HOW TO COMPLETE THIS TASK - Without including any images, set down the records below exactly.

<<<<

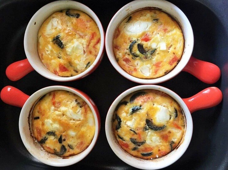 Экспромт нам всем понравился и закрепился в нашем меню. Я люблю порционную подачу, но такую яичницу можно приготовить в форме для запекания или приготовить в сковороде, а потом поделить на порции. Такой вариант отлично подходит для завтрака в выходной день, когда никуда не торопишься и можешь позволить себе посмаковать вкусный, полезный, сбалансированный завтрак. Первым делом надо включить духовку, пока она прогревается, все для яичницы будет готово. Что ещё приготовить из яиц можно посмотреть в подборке рецептов, переходите по ссылке Приготовление Помидор, сладкий перец - нарезаю мелким кубиком. Оливы разрезаю пополам и отделяю от косточки (я люблю именно такие оливки, можно использовать оливки без косточек). У меня крупные оливки, зрелые, легко отделяются от косточки, .
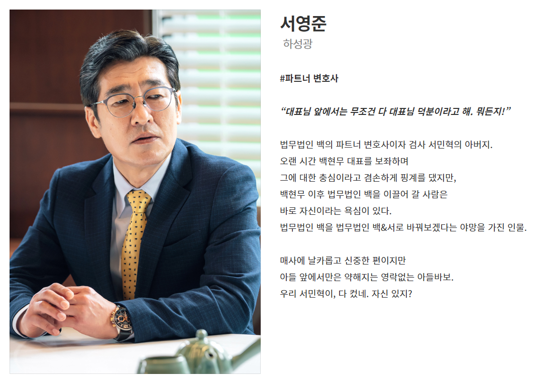 법무법인 백의 파트너 변호사이자 검사 서민혁의 아버지.
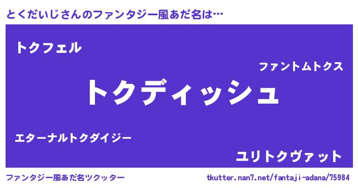 | 胡散臭い通販商品みたいなあだ名 | 『来世でも幸せになれる健康食品…その名も「とくだいじ」』 |
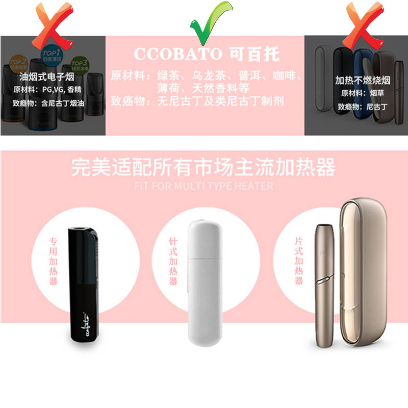 CCOBATO可百托加热不燃烧烟弹是一款革命性的健康产品(不含尼古丁、重金属、甲醛),在不含任何烟草的基础上,为您带来最佳的真实或熟悉的Heat Not Burn吸烟感觉,适用于所有人。
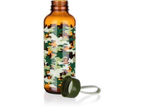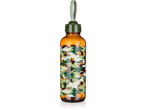 Skleněná láhev MANON, camouflage. Láhev je vybavena poutkem pro snadné přenášení. Není vhodná pro horké nápoje.
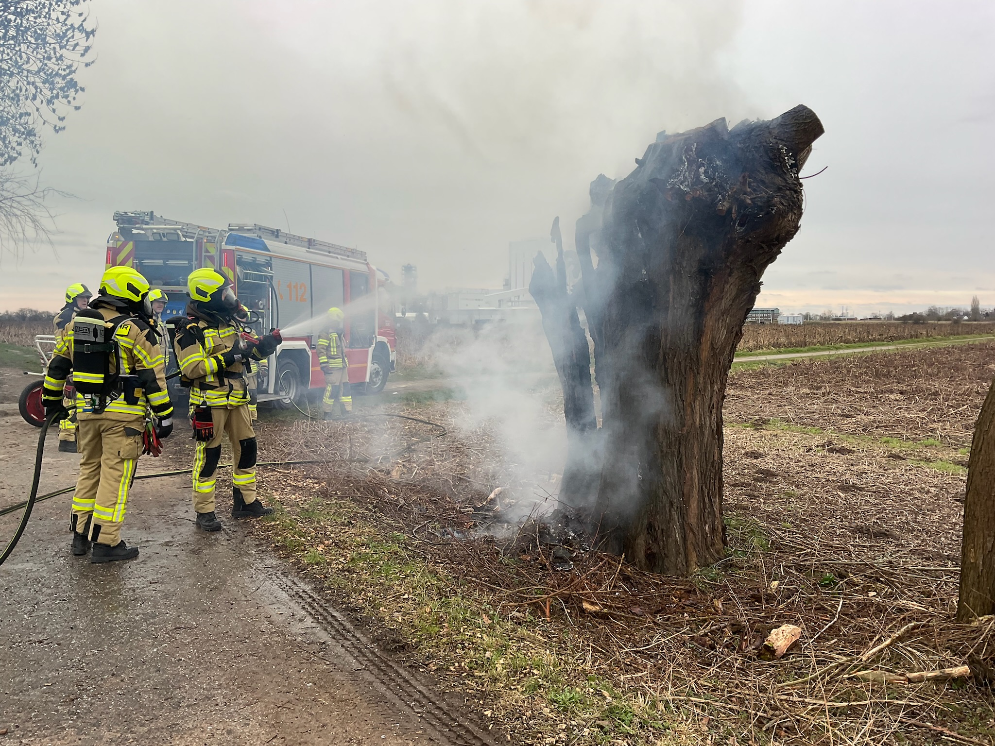 Beim Eintreffen der Einsatzkräfte brannte eine Kopfweide in voller Ausdehnung. Ein Trupp unter umluftunabhängigem Atemschutz unternahm die ersten Löschmaßnahmen mittels S-Rohr. Im weiteren Einsatzverlauf wurden Baum dann mittels Motorsäge gefällt und anschließend mit Löschschaum abgelöscht.
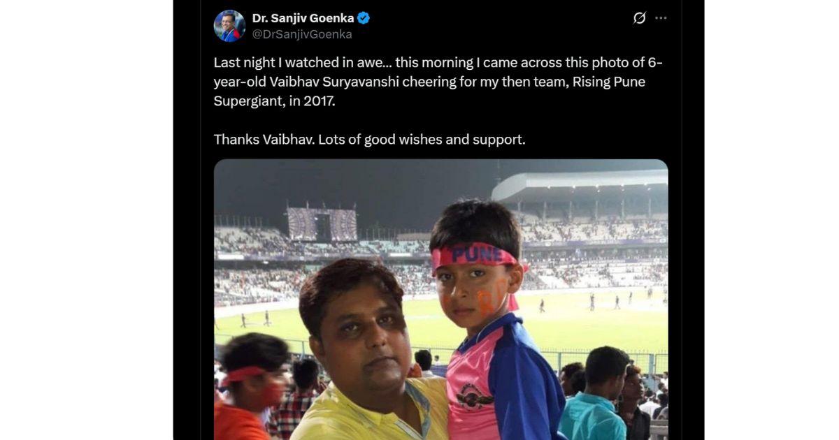 'Last night I watched in awe… this morning I came across this photo of 6-year-old Vaibhav Suryavanshi cheering for my then team, Rising Pune Supergiant, in 2017. Thanks Vaibhav. Lots of good wishes and support,' Goenka tweeted.

>>>>

RESPONSE -
 Экспромт нам всем понравился и закрепился в нашем меню. Я люблю порционную подачу, но такую яичницу можно приготовить в форме для запекания или приготовить в сковороде, а потом поделить на порции. Такой вариант отлично подходит для завтрака в выходной день, когда никуда не торопишься и можешь позволить себе посмаковать вкусный, полезный, сбалансированный завтрак. Первым делом надо включить духовку, пока она прогревается, все для яичницы будет готово. Что ещё приготовить из яиц можно посмотреть в подборке рецептов, переходите по ссылке Приготовление Помидор, сладкий перец - нарезаю мелким кубиком. Оливы разрезаю пополам и отделяю от косточки (я люблю именно такие оливки, можно использовать оливки без косточек). У меня крупные оливки, зрелые, легко отделяются от косточки, .
 법무법인 백의 파트너 변호사이자 검사 서민혁의 아버지.
 | 胡散臭い通販商品みたいなあだ名 | 『来世でも幸せになれる健康食品…その名も「とくだいじ」』 |
 CCOBATO可百托加热不燃烧烟弹是一款革命性的健康产品(不含尼古丁、重金属、甲醛),在不含任何烟草的基础上,为您带来最佳的真实或熟悉的Heat Not Burn吸烟感觉,适用于所有人。
 Skleněná láhev MANON, camouflage. Láhev je vybavena poutkem pro snadné přenášení. Není vhodná pro horké nápoje.
 Beim Eintreffen der Einsatzkräfte brannte eine Kopfweide in voller Ausdehnung. Ein Trupp unter umluftunabhängigem Atemschutz unternahm die ersten Löschmaßnahmen mittels S-Rohr. Im weiteren Einsatzverlauf wurden Baum dann mittels Motorsäge gefällt und anschließend mit Löschschaum abgelöscht.
 'Last night I watched in awe… this morning I came across this photo of 6-year-old Vaibhav Suryavanshi cheering for my then team, Rising Pune Supergiant, in 2017. Thanks Vaibhav. Lots of good wishes and support,' Goenka tweeted.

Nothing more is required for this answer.